The malodorous box - whose smell is not unlike tomcats' urine - seems to have grown abundantly at Box Hill since at least the sixteenth century. Box was the final native tree to reach Britain after the end of the last ice age and is actually better suited to southern Europe, as it tolerates high temperatures. Box does not provide a habitat for large numbers of other species, though it does harbour the rare Box Hill bug, which until recently had only ever been found on Box Hill.

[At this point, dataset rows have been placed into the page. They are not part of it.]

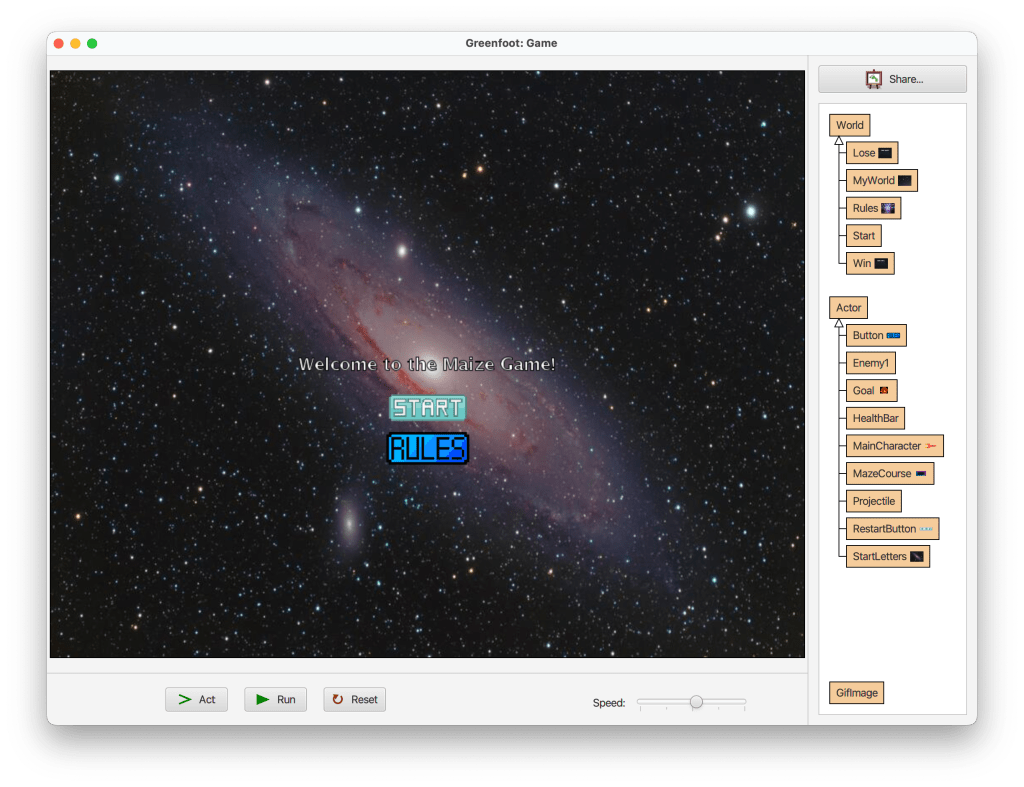 Before school came to an end, in our AP Computer Science A class, we were given an end of year project which was to create a game using the Greenfoot software. I was paired with two other classmates and we assigned roles and sections for us to complete before the deadline before the deadline so that we could compile the project and submit it.
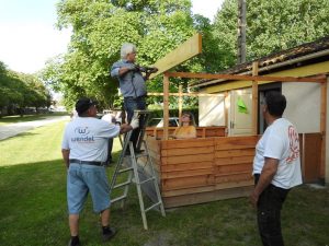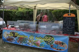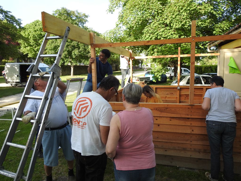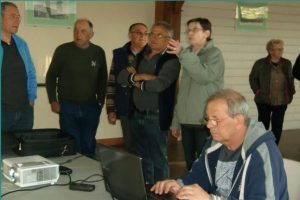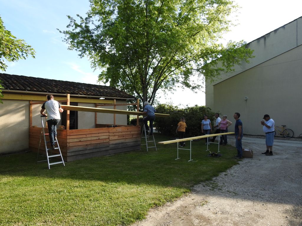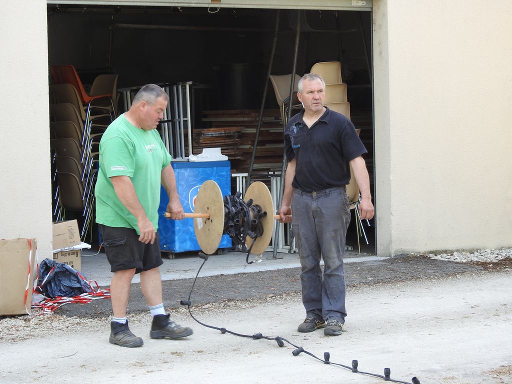 salle de LA SAUVETAT. Pendant que certains préparent les victuailles, GERMAIN installe le matériel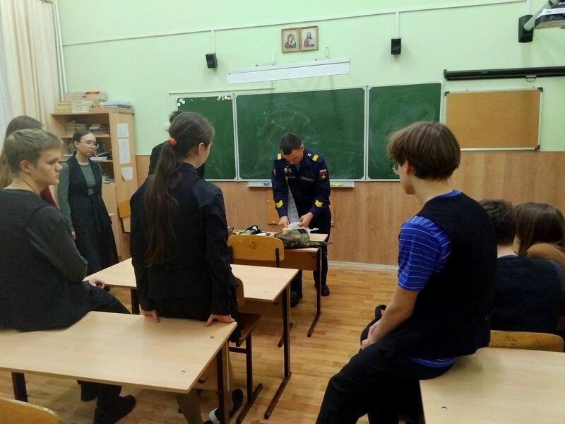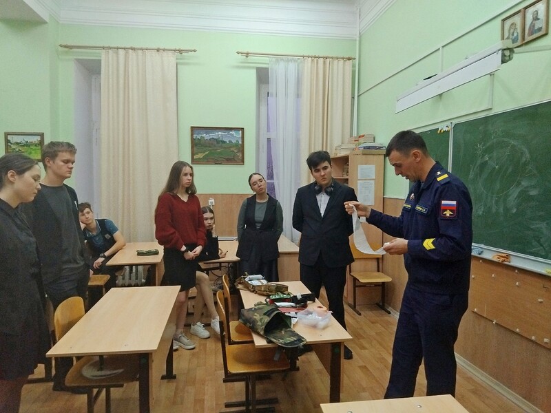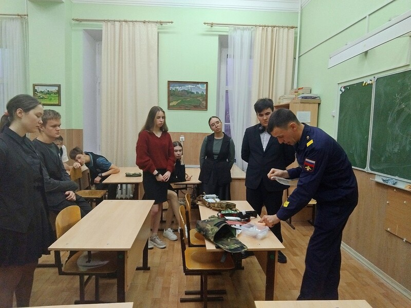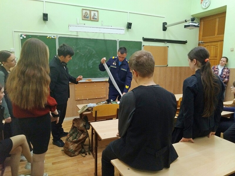 Нам показали на макете, как оказать первую помощь при глубоком артериальном ранении, как правильно остановить кровотечение и накладывать бинты. В конце мероприятия нам рассказали о военных зонах в СВО — красная, то есть самая опасная, где происходят основные боевые действия; желтая, в которой безопаснее, но возможны атаки дронов, осколочные удары, и самая безопасная — зеленая. После прослушанной теории и изученной практики мы задавали вопросы нашему гостю. Спасибо Павлу Андреевичу за этот интересный урок.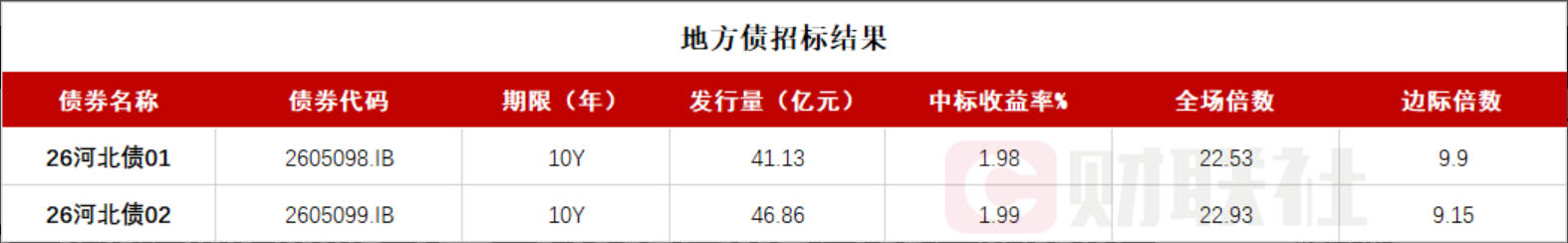 据财联社消息,河北省政府两期地方债已招标结束,投标倍数均在22倍之上。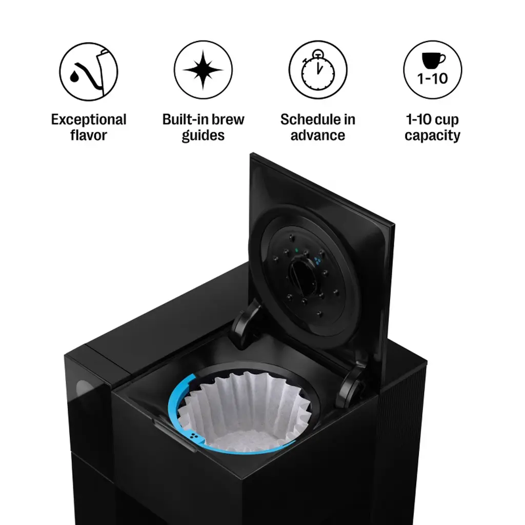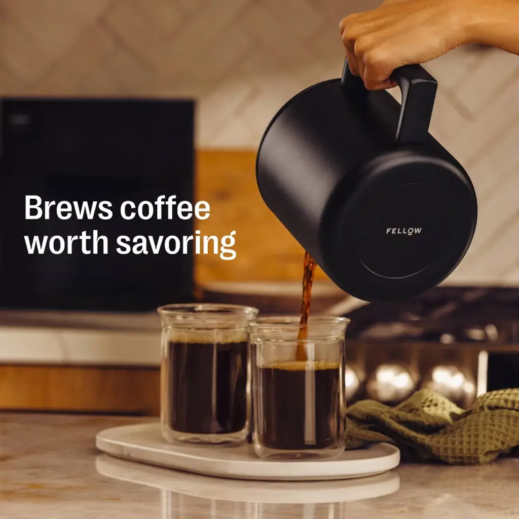 Enjoy barista-quality coffee, every time with Aiden Precision Coffee Maker. It combines the art of hand-brewing with the convenience of automation, so every cup is smooth, rich, and perfectly balanced. Precise temperature control heats water to the ideal range, while a dual shower head evenly saturates grounds for pour-over results. Aiden features two brew baskets, so whether you’re brewing 1 cup or 10, you can enjoy deliciously consistent results, and the flavor-forward thermal carafe keeps your coffee warm while preserving its fresh flavor. Simply select your coffee’s roast level and how many cups you want and the clear LCD display tells you how much coffee to grind, plus you can schedule your brew in advance and create custom coffee recipes. You will taste the difference.Brand Overview: Fellow was founded with a vision of bringing the specialty coffee experience home. We design beautiful precision kitchenware, unrivaled in quality and built to last.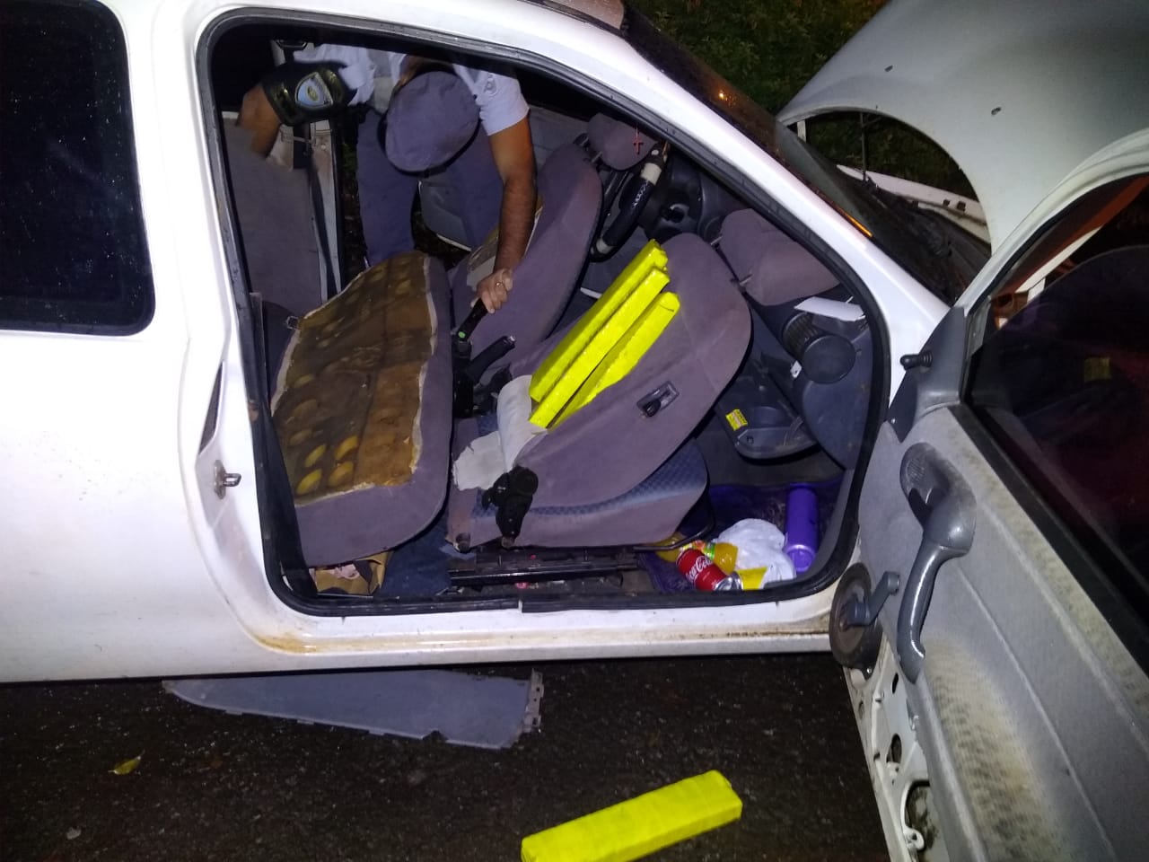 Uma equipe do Tático Ostensivo Rodoviário (TOR) suspeitou de detalhes como o horário, o emplacamento do veículo e o itinerário do deslocamento, e revistou um Corsa, de Porecatu/PR, com duas ocupantes.

Box timber has always been a valuable resource, highly prized because of its close, fine grain, its rich golden colour and its remarkable density (it actually sinks in water when green).

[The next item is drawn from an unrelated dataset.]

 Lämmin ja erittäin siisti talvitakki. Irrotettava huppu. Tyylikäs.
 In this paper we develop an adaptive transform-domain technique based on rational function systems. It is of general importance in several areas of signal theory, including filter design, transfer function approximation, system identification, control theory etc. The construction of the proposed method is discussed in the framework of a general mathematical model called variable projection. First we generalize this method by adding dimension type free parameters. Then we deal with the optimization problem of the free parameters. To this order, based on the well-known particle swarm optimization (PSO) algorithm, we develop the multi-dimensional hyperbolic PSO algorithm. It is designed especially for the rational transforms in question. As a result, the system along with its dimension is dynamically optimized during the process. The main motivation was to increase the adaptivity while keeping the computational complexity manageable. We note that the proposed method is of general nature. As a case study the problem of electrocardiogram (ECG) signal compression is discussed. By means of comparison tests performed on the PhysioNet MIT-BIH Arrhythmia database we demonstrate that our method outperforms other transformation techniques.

The wood, so hard that it can be carved precisely, is used to make the blocks for wood engravings: the nineteenth-century wood-engraver Thomas Bewick claimed that one of his blocks was still sound after 900,000 printings. Chessmen, carpenters' rules, shuttles for the silk industry, parts of musical instruments and decorative inlay for fine furniture are all made from the box tree.

At Box Hill timber is no longer grown as an economic crop, but the cultivation of box trees was immensely lucrative in the past. From an account given to Sir Ambrose Brown of the manor of Betchworth in 1608, we know that 'the rent for Box Trees cut down upon the sheep-walk on the hill was £50'. In 1797 Sir Henry Mildmay, the then owner of West Betchworth Manor, sold for £10,000 all the box of over 20 years' growth, to be cut between 1 September and 31 March in quantities not exceeding 380 tons each year up to 1810. But foreign imports increased at this time, reducing the market value of box timber, and the speculation was a disaster. By the beginning of the nineteenth century the woods of Box Hill were no longer predominantly of box, which had given way to more fashionable species.

Nowadays box is most commonly harvested to provide young shoots for florists' wreaths: a sombre evergreen, it has long been associated with death.

During the First World War boxwood was cut for use in munitions.